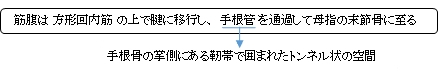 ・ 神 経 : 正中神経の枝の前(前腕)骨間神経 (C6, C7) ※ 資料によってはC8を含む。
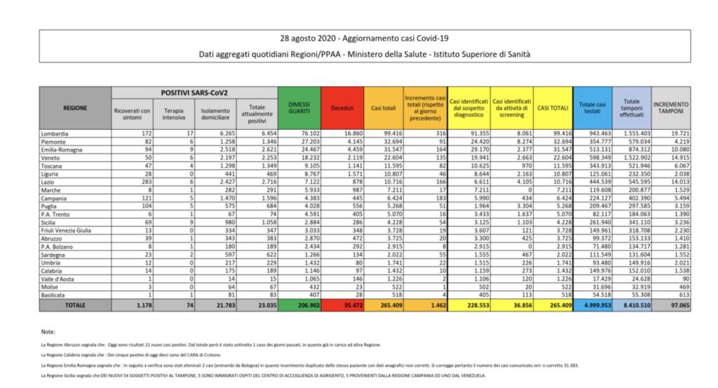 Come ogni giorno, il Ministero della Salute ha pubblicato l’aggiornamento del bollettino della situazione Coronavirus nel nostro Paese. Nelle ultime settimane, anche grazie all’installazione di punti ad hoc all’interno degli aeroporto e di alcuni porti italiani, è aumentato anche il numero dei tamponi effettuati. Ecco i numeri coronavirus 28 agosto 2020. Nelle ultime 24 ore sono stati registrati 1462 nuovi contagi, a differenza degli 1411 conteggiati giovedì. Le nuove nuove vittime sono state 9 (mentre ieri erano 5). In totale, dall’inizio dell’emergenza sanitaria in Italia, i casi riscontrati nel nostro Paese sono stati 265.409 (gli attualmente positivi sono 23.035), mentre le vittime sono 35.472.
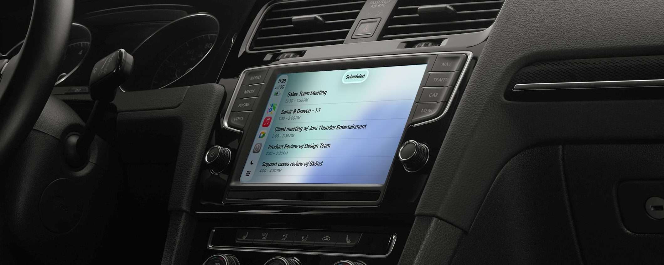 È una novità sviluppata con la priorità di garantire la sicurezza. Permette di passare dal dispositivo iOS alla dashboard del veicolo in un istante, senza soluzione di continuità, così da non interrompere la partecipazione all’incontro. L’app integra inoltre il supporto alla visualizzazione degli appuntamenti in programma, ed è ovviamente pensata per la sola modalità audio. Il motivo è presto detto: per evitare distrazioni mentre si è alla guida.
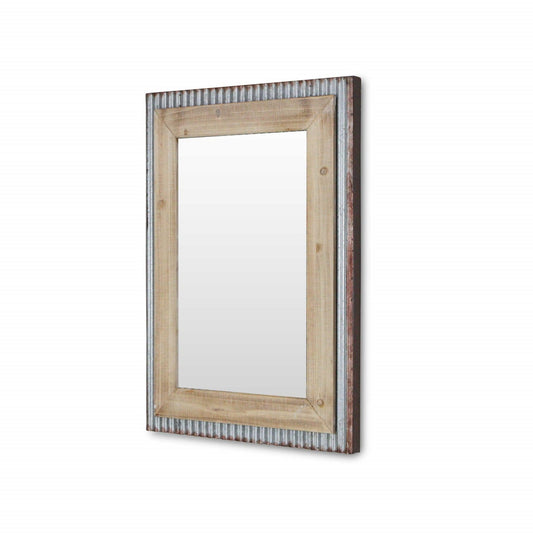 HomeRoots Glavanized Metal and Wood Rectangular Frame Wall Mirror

▸ Task brief
Nothing but the lines from the line containing "È una novità" through the last line of the material may be output, and they must be copied exactly, without pictures.

▸ Exercise result
 È una novità sviluppata con la priorità di garantire la sicurezza. Permette di passare dal dispositivo iOS alla dashboard del veicolo in un istante, senza soluzione di continuità, così da non interrompere la partecipazione all’incontro. L’app integra inoltre il supporto alla visualizzazione degli appuntamenti in programma, ed è ovviamente pensata per la sola modalità audio. Il motivo è presto detto: per evitare distrazioni mentre si è alla guida.
 HomeRoots Glavanized Metal and Wood Rectangular Frame Wall Mirror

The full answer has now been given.